Pessimistic? I don’t want my letter to reach you with so much bitterness. It’s a confession, more than a transmission. Today, I sent messages to some very beloved people. Audio and text messages, people whom I worry about, people I would like to help or simply find out how they are doing: two relatives with whom I’m more in tune or for whom I have a sense of fraternity; a really scared friend, of course, who is abroad and trying to come back; a friend who tested positive for HIV. I felt a certain sadness in all of them. From those who answered me with audio messages, I listened to their melancholic, almost dragging voices, as if doubting that one day we could come back to our usual hugging. Do you miss hugging, Rosangela?
I grew up in a family with few displays of this kind of affection. I grew up without being touched much. To this day, we hug each other shyly, half sideways, without looking at each other. I learned how to hug at school when friendships took the form of selective kinship. As a matter of fact, some friends from that time are in my life to this day (I’ve just sent a message to one of them, for example). But hugging and kissing have always demanded some sort of effort. Fear? But once I’ve learned it, it’s hard to undo. I have been greeting my son using my feet and elbows, even my son (!) who is the only being on this Earth whose skin and fluids have always seemed mine, who was never difficult to hug, who makes me feel the pain of this unprecedented detachment.

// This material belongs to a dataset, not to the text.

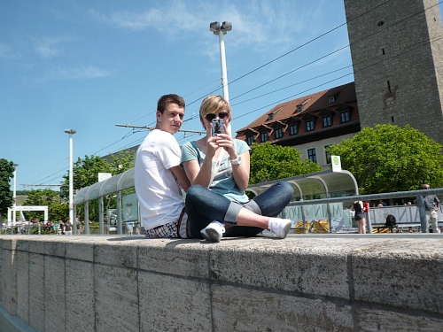 Dann dürfen wir auf der Balthasar-Neumann-Promenade flanieren, die Residenz zur Rechten. Die Residenz zählt zu den Hauptwerken des süddeutschen Barocks. Balthasar Neumann erbaute 1720 bis 1744 diesen großartigen Bau, der in der Liste des Weltkulturerbe der UNESCO steht. Ein Besuch wäre langsam für mich an der Zeit. Fotografieren ist heute nicht einfach. Alleine unterwegs könnte ich stehenbleiben, zoomen und mir mit einer Motivsuche Zeit lassen. Das ist heute nicht möglich.
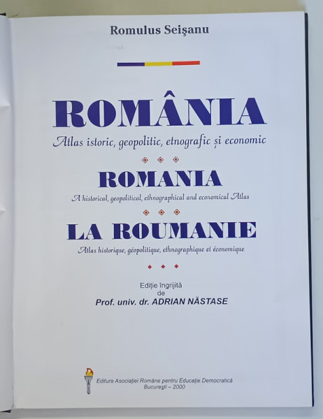 ROMANIA . ATLAS ISTORIC , GEOPOLITIC , ETNOGRAFIC SI ECONOMIC de ROMULUS SEISANU , 2000 * MICI DEFECTE COPERTA

Rosangela, have we been banned by a disease? Do you talk to plants? Pets? Do you meet your friends on a video call? Do you feel like the future days of your calendar are fading away, fraying, blurring? Have you ever experienced something like that? And still, have you had to deal with the human imbecility in egocentric neighbors, well-known financiers, under the threat of those who infect us with both ignorance and the virus at the same time?
Tell me about you, my dear friend; about Brasília; about some dystopic novel that is occupying your mind—yours or someone else’s; about your sleep during these days of weirdness; your desires for after this pandemic is over; your hopes, better than mine; your arrangements for the future after nature puts us in our rightful place.
Greetings with my elbows, in an aseptic letter
Ana Elisa Ribeiro
Translated by Anita Di Marco
Note: Rosangela is a writer from Belo Horizonte. This piece was commissioned by Revista Pessoa when the author worked there as a columnist, and it was also published in the book Nossa Língua & Outras encrencas by Parabola, 2023.
The translator thanks the literary translator and writer, Cristina Pinto-Bailey, for helping her with the final editing.